Energy spectrum \(E{ \left( \kappa \right) }\) and wave number \(\kappa \) for \(\nu \in \times { \left\{ 5\times 10^{-5},10^{-5},4\times 10^{-6} \right\} }\) at particular time instances. Spectra are computed with the MATLAB-based post-processing toolbox AnaFlame [50]

5 Summary and Conclusions

In this work, we have considered inf–sup stable, exactly divergence-free \({\varvec{H}{{ \left( { \mathrm {div} }\right) }}}\)-conforming FEM for time-dependent incompressible flow problems. To the authors’ knowledge, this represents the first contribution which examines \({\varvec{H}{{ \left( { \mathrm {div} }\right) }}}\)-FEM for time-dependent viscous incompressible flows. Our considerations can be split into a theoretical analysis part and an application-oriented numerical examples part.

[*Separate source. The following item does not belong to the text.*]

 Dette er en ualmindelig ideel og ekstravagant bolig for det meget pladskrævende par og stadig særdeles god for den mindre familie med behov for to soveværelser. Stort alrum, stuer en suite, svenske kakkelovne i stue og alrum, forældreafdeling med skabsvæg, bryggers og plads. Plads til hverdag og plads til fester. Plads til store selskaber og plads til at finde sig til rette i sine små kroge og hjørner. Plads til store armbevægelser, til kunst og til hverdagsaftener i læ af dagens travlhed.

For the continuous-in-time Oseen problem, a numerical error analysis has been carried out with a special focus on obtaining pressure- and \({\textit{Re}}\)-semi-robustness. Because divergence-free methods allow for a separation of the velocity and pressure approximation, we only considered the velocity approximation in this work and, provided the exact solution is smooth enough, our derived estimates are of order \(\mathcal {O}{ \left( h^k\right) }\). A very important part of the analysis has been the usage of the discrete, stationary Stokes projection for the error splitting. For the Oseen problem it has been possible to show that the growth of the error w.r.t. time is only linear.

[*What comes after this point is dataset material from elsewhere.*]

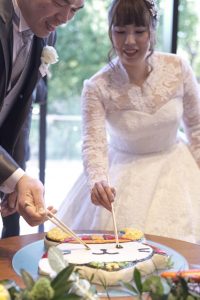 結婚式でケーキ入刀のシーンは、初めての共同作業ということもあり、

In the future, keeping pressure- and \({\textit{Re}}\)-semi-robustness in mind, we clearly intend to analyse the nonlinear Navier–Stokes problem, as well. In doing so, the discrete Helmholtz projection might be applied to fine-tune the error estimates. Furthermore, taking a closer look at the pressure approximation and discovering if divergence-free \({\varvec{H}{{ \left( { \mathrm {div} }\right) }}}\)-FEM also hold advantages for the pressure could be interesting.

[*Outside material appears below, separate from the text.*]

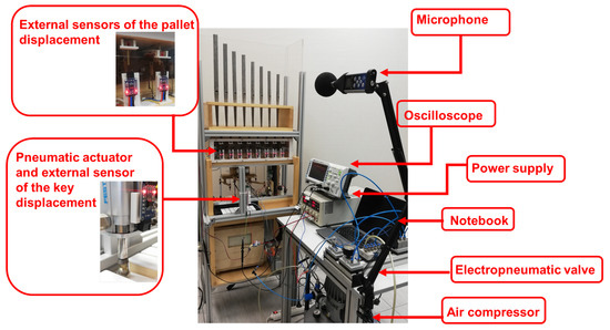 The sound measurements were carried out with sound level meter Svantek 971. The sound level meter (SV 971A Class 1) is used for building acoustics measurements, uses a microphone offering a linear measurement from 27 to 140 dB in a single range and meets the IEC 61672-1:2013 standard’s performance criteria such as linear operating range, frequency response and temperature operating range. A Supervisor software package SvanPC++ that is an advanced PC software supporting SVANTEK measuring instruments, is dedicated for sound level meters, noise dosimeters and human vibration meters. The microphone connected to the Supervisor is remembered enabling automatic creation of instruments’ database containing important information such as uploaded settings and firmware version, calibration validity date or instrument clock time. For the displacement measurements Waveshare Infrared Reflective Sensors were used. The reflective modules with IR sensors equipped with digital and analog output work with a voltage from 3 V to 5.3 V. Signals from these sensors were measured by Rigol DS1054Z oscilloscope. The key actuation system consists of a pneumatic actuator ADVU-16-20-A-P-A Festo-156596 controlled by a MEH-5/2-1/8-P-B Festo Solenoid valve. The pneumatic system was supplied by an air-compressor. The time of the piston stroke of the pneumatic actuator was adjusted by controlling the exhaust air flow through the throttle valves. The solenoid valve was controlled by an electric switch in the 24 V DC circuit supplied by TTi CPX400D laboratory power supply as shown in the Figure 3.

For the applications part, on the other hand, we have considered the nonlinear Navier–Stokes equations with a particular emphasis on two-dimensional high Reynolds number problems, which possess profound vortical structures. The first example, the planar lattice flow, has revealed that higher-order \({\varvec{H}{{ \left( { \mathrm {div} }\right) }}}\)-FEM do have advantages over more common finite element schemes. Especially the incorporation of a non-dissipative velocity jump upwind stabilisation for dominant convection seems to be very attractive and efficient. Contrary to the theory for the Oseen problem, this example has also shown that the error of the Navier–Stokes problem increases exponentially in time. Furthermore, \({\varvec{H}{{ \left( { \mathrm {div} }\right) }}}\)-FEM have been applied to the simulation of 2D Kelvin–Helmholtz instabilities, triggered by a plane mixing layer. We have shown that the problem is extremely sensitive in the sense that even though a very highly resolved method (3rd order FEM with nearly 5 million velocity DOFs) has been applied, such a thing as mesh convergence for the enstrophy is still not achieved and thus would be extremely expensive. However, the evolution of the kinetic energy is invariant with respect to mesh refinement. Lastly, the \({\varvec{H}{{ \left( { \mathrm {div} }\right) }}}\)-FEM have been applied to the simulation of freely decaying 2D turbulence. Our results are in agreement with theoretical considerations—both the behaviour of kinetic energy and enstrophy and the velocity spectra are consistent with previous research in this direction.

In the future, we intend to extend our numerical examples towards problems with no-slip conditions (in this work, we only considered periodic boundary conditions for the applications) and, therefore, problems involving boundary layers, separation and reattachment. In this context, also an extension to three-dimensional problems is planned where one has to deal with the aspect of efficient solvers. With regard to 3D problems, the question of suitable turbulence modelling also arises.